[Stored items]

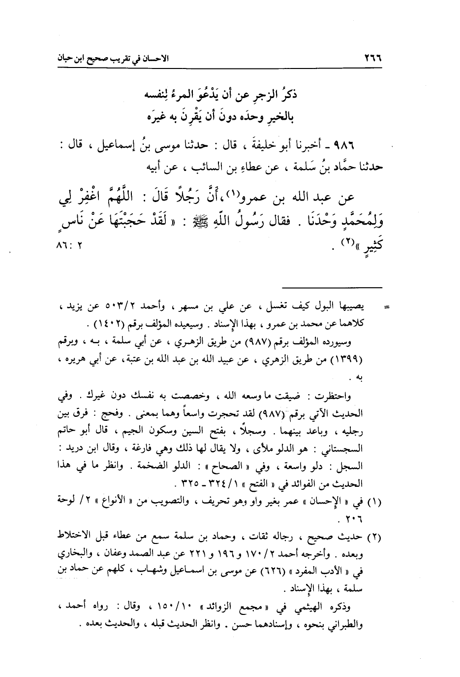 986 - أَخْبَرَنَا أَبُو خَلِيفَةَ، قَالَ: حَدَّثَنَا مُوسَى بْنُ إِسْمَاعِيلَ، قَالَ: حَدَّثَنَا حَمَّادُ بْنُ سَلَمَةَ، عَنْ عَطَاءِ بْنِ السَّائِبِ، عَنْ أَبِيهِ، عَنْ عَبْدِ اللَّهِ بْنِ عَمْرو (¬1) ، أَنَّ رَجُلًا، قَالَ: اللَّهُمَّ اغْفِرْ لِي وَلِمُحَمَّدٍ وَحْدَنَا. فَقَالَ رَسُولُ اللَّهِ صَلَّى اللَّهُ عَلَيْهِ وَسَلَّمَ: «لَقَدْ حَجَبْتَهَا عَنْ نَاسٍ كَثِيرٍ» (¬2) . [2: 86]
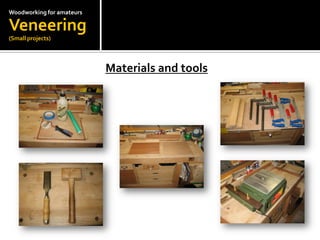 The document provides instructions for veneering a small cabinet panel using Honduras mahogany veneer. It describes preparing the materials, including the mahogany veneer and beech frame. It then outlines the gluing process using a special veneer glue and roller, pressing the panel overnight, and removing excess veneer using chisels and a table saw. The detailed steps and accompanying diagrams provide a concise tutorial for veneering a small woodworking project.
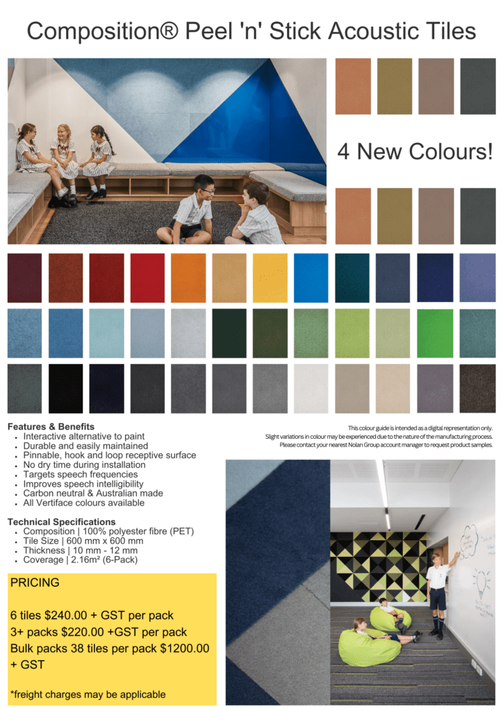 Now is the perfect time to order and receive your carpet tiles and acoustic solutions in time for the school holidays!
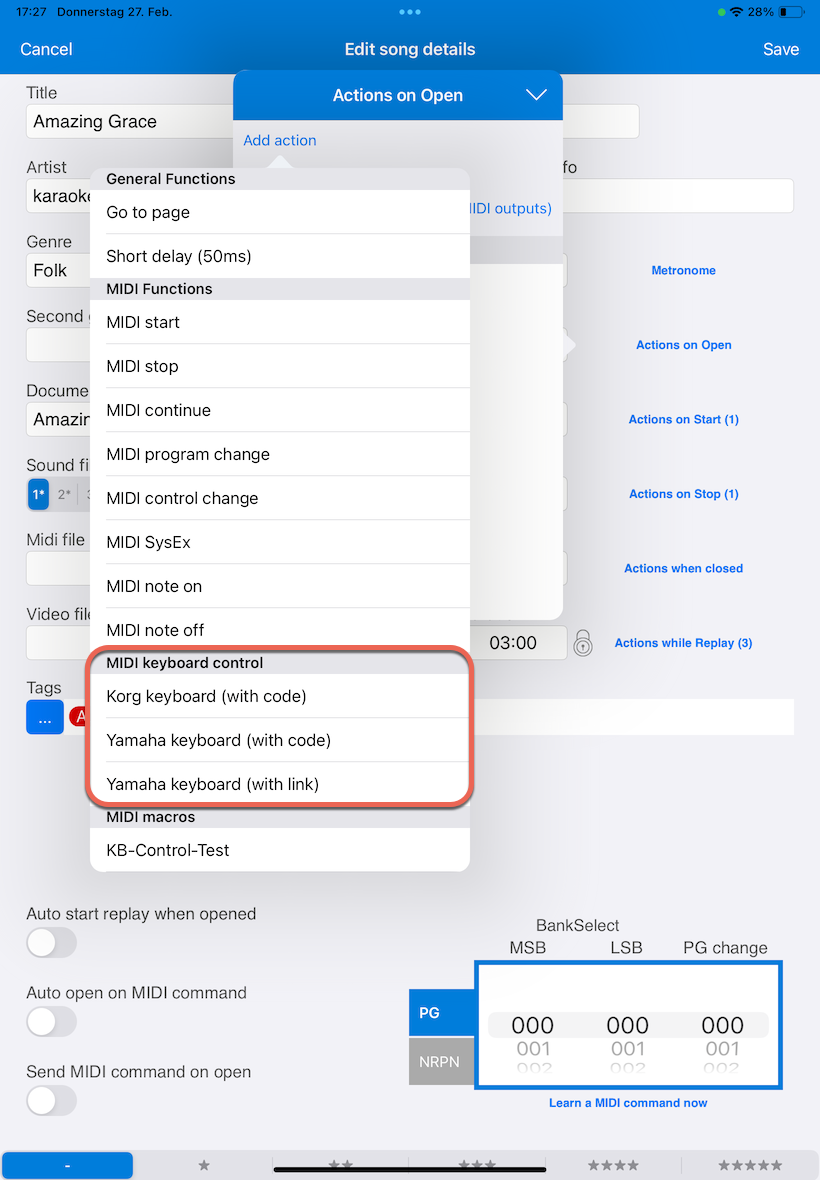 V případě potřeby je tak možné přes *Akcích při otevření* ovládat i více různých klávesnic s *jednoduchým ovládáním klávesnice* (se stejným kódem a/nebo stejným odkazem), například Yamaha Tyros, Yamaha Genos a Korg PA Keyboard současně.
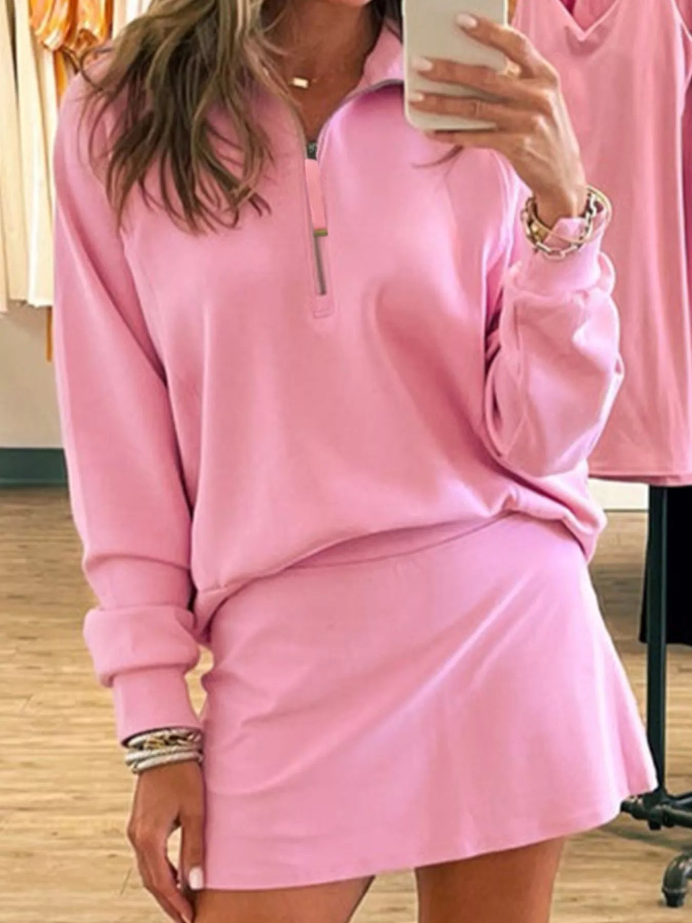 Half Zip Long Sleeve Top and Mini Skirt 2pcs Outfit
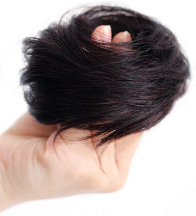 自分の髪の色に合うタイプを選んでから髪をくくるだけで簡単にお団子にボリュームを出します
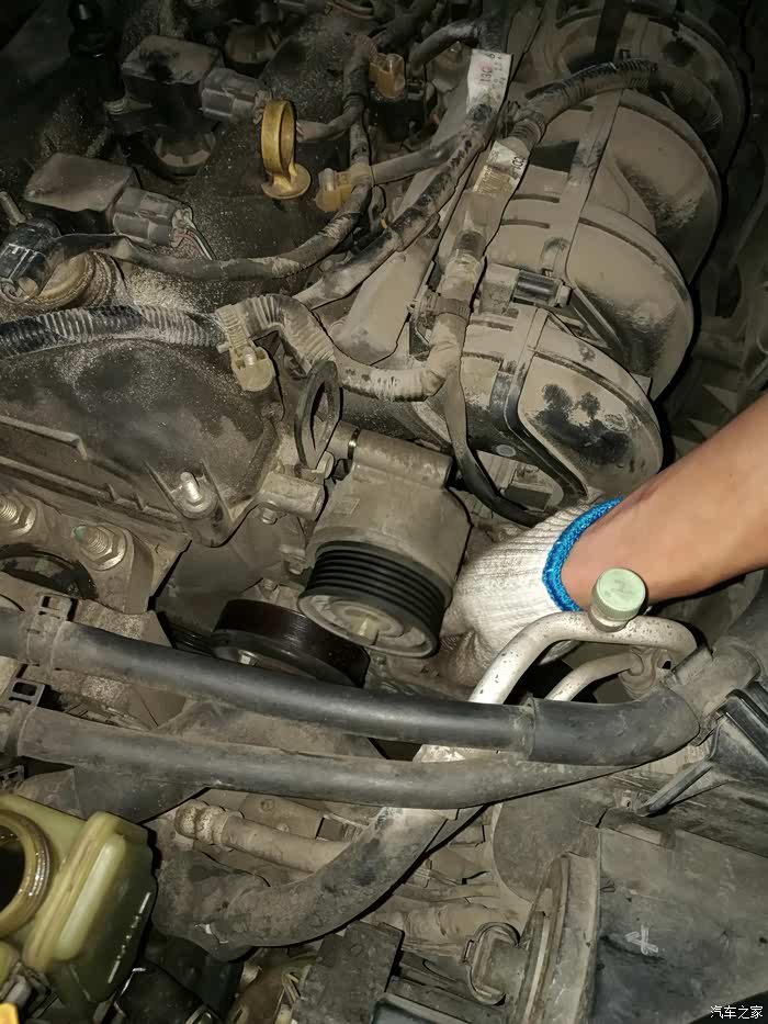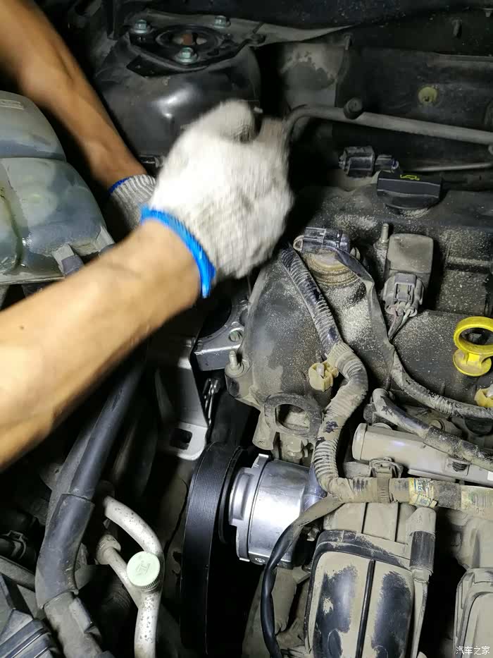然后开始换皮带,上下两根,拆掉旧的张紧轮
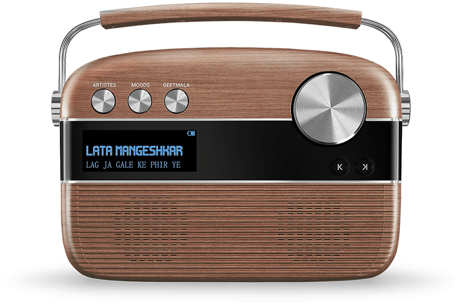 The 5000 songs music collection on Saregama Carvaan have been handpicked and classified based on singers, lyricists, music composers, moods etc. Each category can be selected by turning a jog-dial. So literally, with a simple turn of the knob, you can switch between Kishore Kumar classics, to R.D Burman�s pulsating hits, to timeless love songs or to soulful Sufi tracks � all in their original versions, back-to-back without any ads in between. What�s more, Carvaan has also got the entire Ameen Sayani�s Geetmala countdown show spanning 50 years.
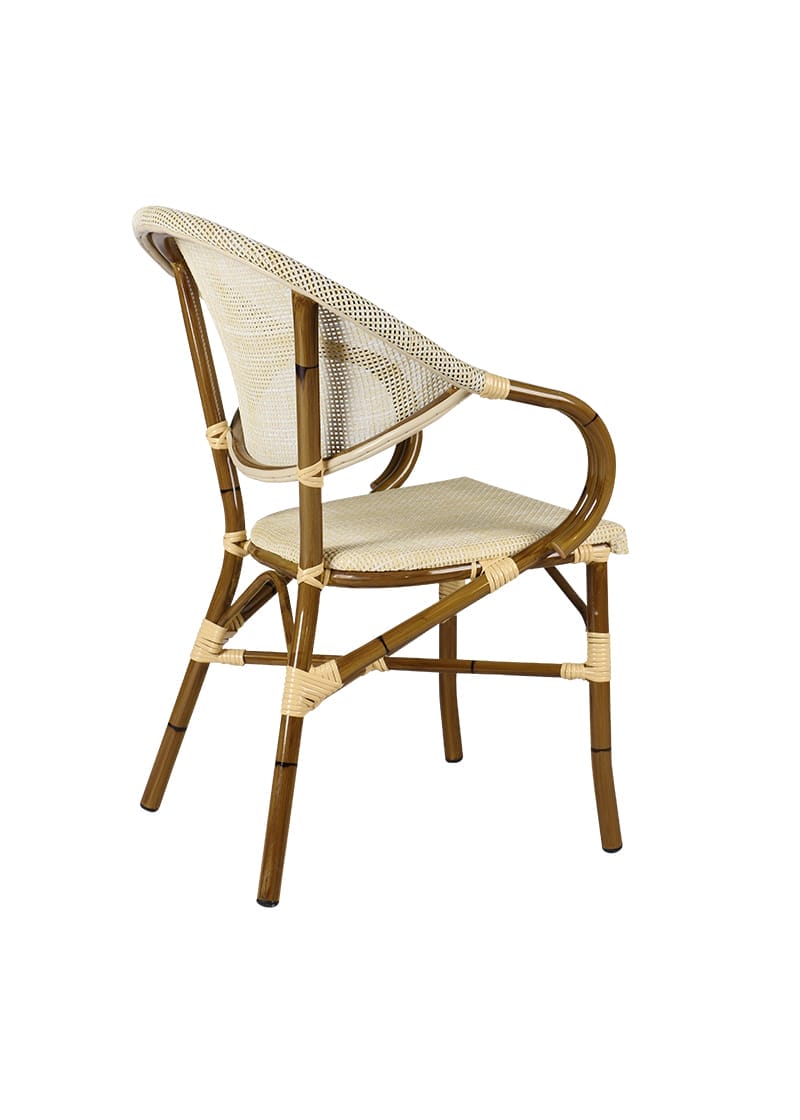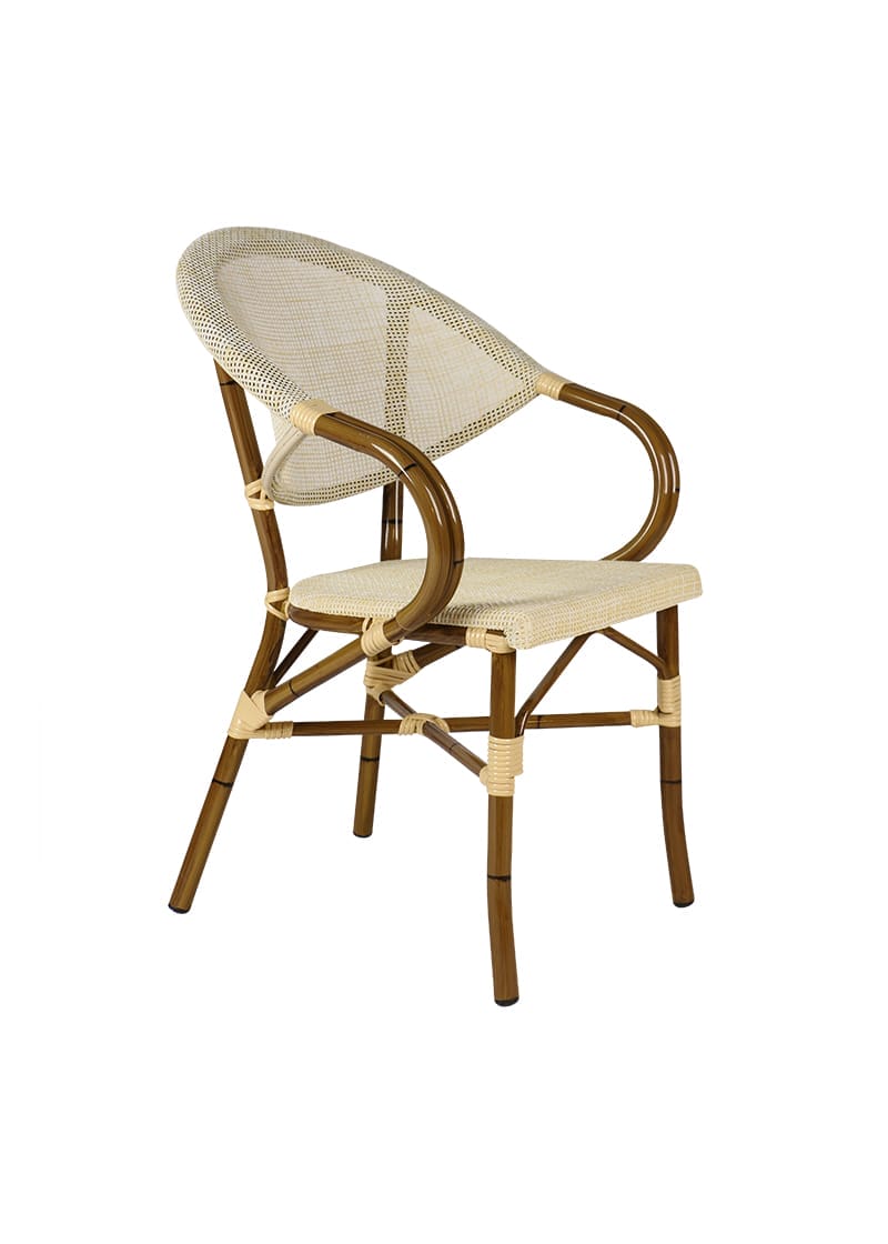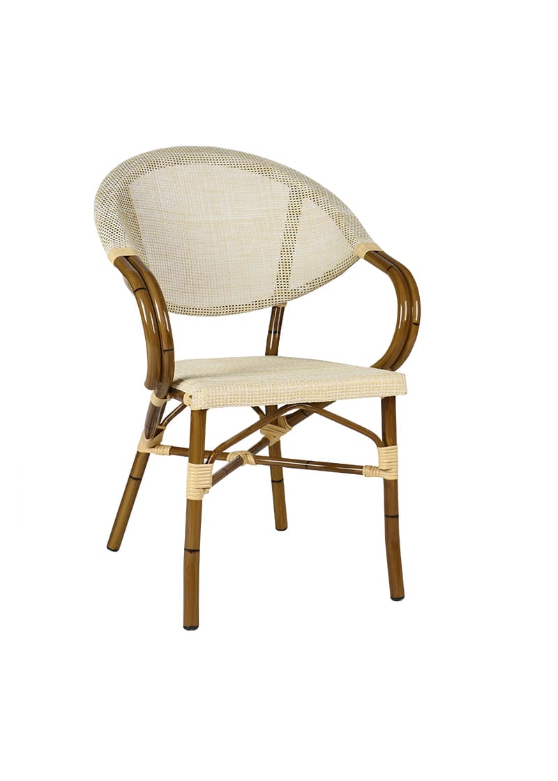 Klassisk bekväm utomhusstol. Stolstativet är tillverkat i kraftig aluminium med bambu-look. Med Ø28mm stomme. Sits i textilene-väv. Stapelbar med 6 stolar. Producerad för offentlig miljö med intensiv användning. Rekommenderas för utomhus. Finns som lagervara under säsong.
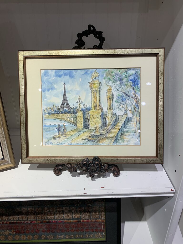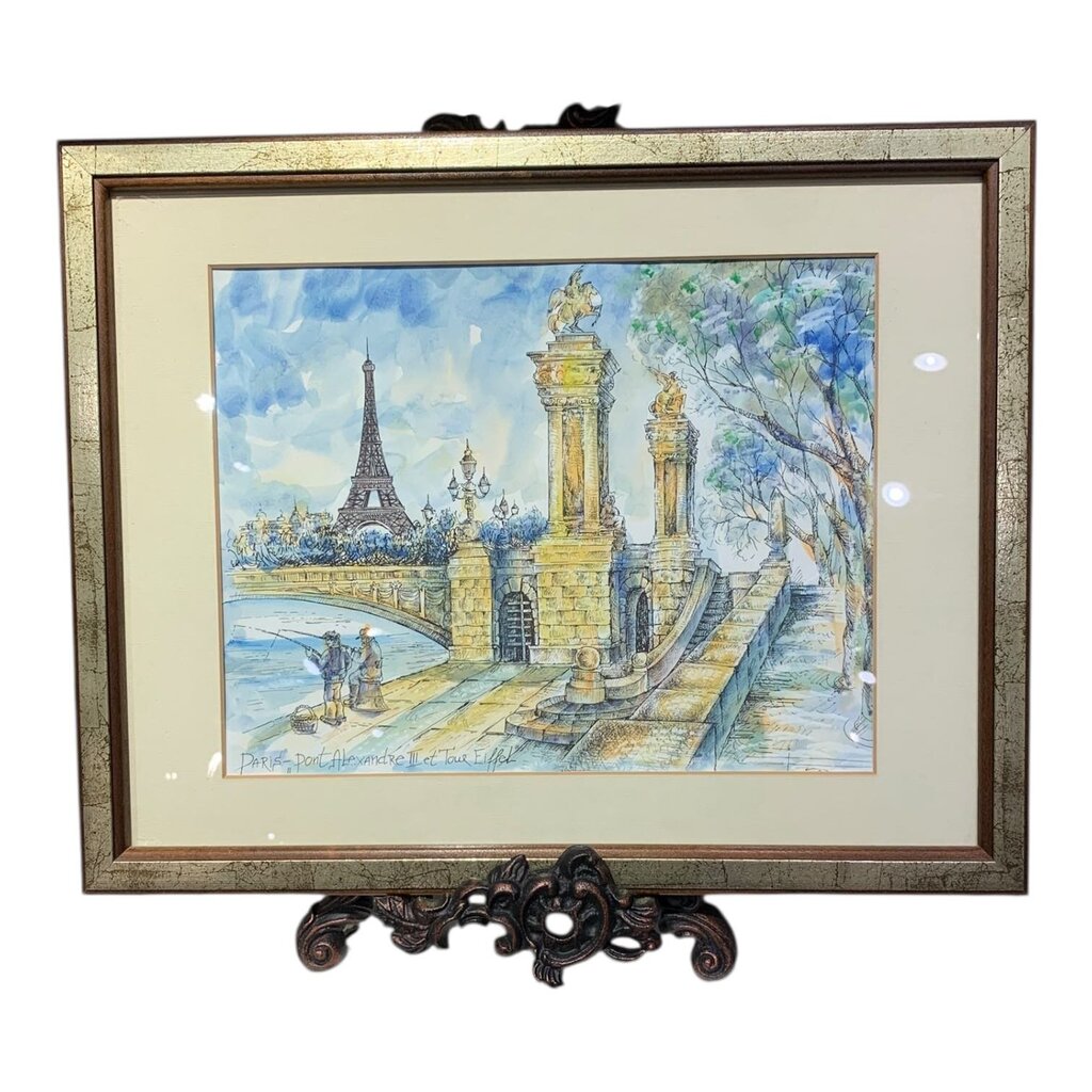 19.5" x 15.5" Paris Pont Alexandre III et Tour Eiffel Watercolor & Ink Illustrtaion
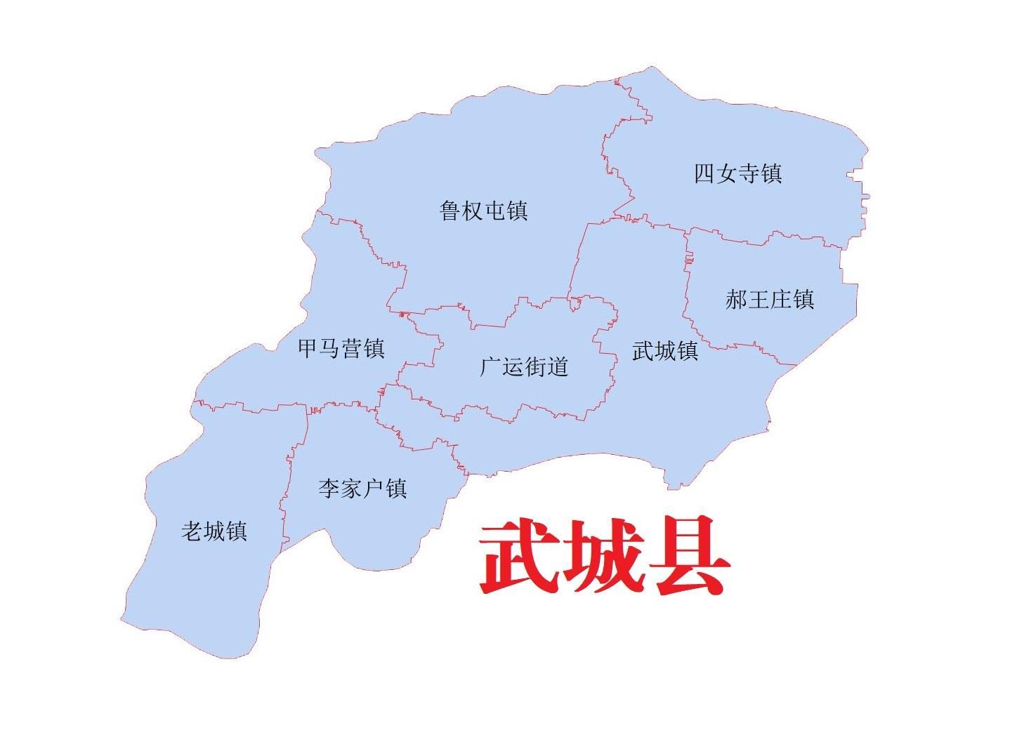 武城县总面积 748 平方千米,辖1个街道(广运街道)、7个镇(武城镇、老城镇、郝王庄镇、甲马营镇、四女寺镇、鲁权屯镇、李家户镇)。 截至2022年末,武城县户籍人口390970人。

▶ Problem to work on
Could you retype all the entries above exactly, without the pictures?

▶ Result
 986 - أَخْبَرَنَا أَبُو خَلِيفَةَ، قَالَ: حَدَّثَنَا مُوسَى بْنُ إِسْمَاعِيلَ، قَالَ: حَدَّثَنَا حَمَّادُ بْنُ سَلَمَةَ، عَنْ عَطَاءِ بْنِ السَّائِبِ، عَنْ أَبِيهِ، عَنْ عَبْدِ اللَّهِ بْنِ عَمْرو (¬1) ، أَنَّ رَجُلًا، قَالَ: اللَّهُمَّ اغْفِرْ لِي وَلِمُحَمَّدٍ وَحْدَنَا. فَقَالَ رَسُولُ اللَّهِ صَلَّى اللَّهُ عَلَيْهِ وَسَلَّمَ: «لَقَدْ حَجَبْتَهَا عَنْ نَاسٍ كَثِيرٍ» (¬2) . [2: 86]
 The document provides instructions for veneering a small cabinet panel using Honduras mahogany veneer. It describes preparing the materials, including the mahogany veneer and beech frame. It then outlines the gluing process using a special veneer glue and roller, pressing the panel overnight, and removing excess veneer using chisels and a table saw. The detailed steps and accompanying diagrams provide a concise tutorial for veneering a small woodworking project.
 Now is the perfect time to order and receive your carpet tiles and acoustic solutions in time for the school holidays!
 V případě potřeby je tak možné přes *Akcích při otevření* ovládat i více různých klávesnic s *jednoduchým ovládáním klávesnice* (se stejným kódem a/nebo stejným odkazem), například Yamaha Tyros, Yamaha Genos a Korg PA Keyboard současně.
 Half Zip Long Sleeve Top and Mini Skirt 2pcs Outfit
 自分の髪の色に合うタイプを選んでから髪をくくるだけで簡単にお団子にボリュームを出します
然后开始换皮带,上下两根,拆掉旧的张紧轮
 The 5000 songs music collection on Saregama Carvaan have been handpicked and classified based on singers, lyricists, music composers, moods etc. Each category can be selected by turning a jog-dial. So literally, with a simple turn of the knob, you can switch between Kishore Kumar classics, to R.D Burman�s pulsating hits, to timeless love songs or to soulful Sufi tracks � all in their original versions, back-to-back without any ads in between. What�s more, Carvaan has also got the entire Ameen Sayani�s Geetmala countdown show spanning 50 years.
 Klassisk bekväm utomhusstol. Stolstativet är tillverkat i kraftig aluminium med bambu-look. Med Ø28mm stomme. Sits i textilene-väv. Stapelbar med 6 stolar. Producerad för offentlig miljö med intensiv användning. Rekommenderas för utomhus. Finns som lagervara under säsong.
 19.5" x 15.5" Paris Pont Alexandre III et Tour Eiffel Watercolor & Ink Illustrtaion
 武城县总面积 748 平方千米,辖1个街道(广运街道)、7个镇(武城镇、老城镇、郝王庄镇、甲马营镇、四女寺镇、鲁权屯镇、李家户镇)。 截至2022年末,武城县户籍人口390970人。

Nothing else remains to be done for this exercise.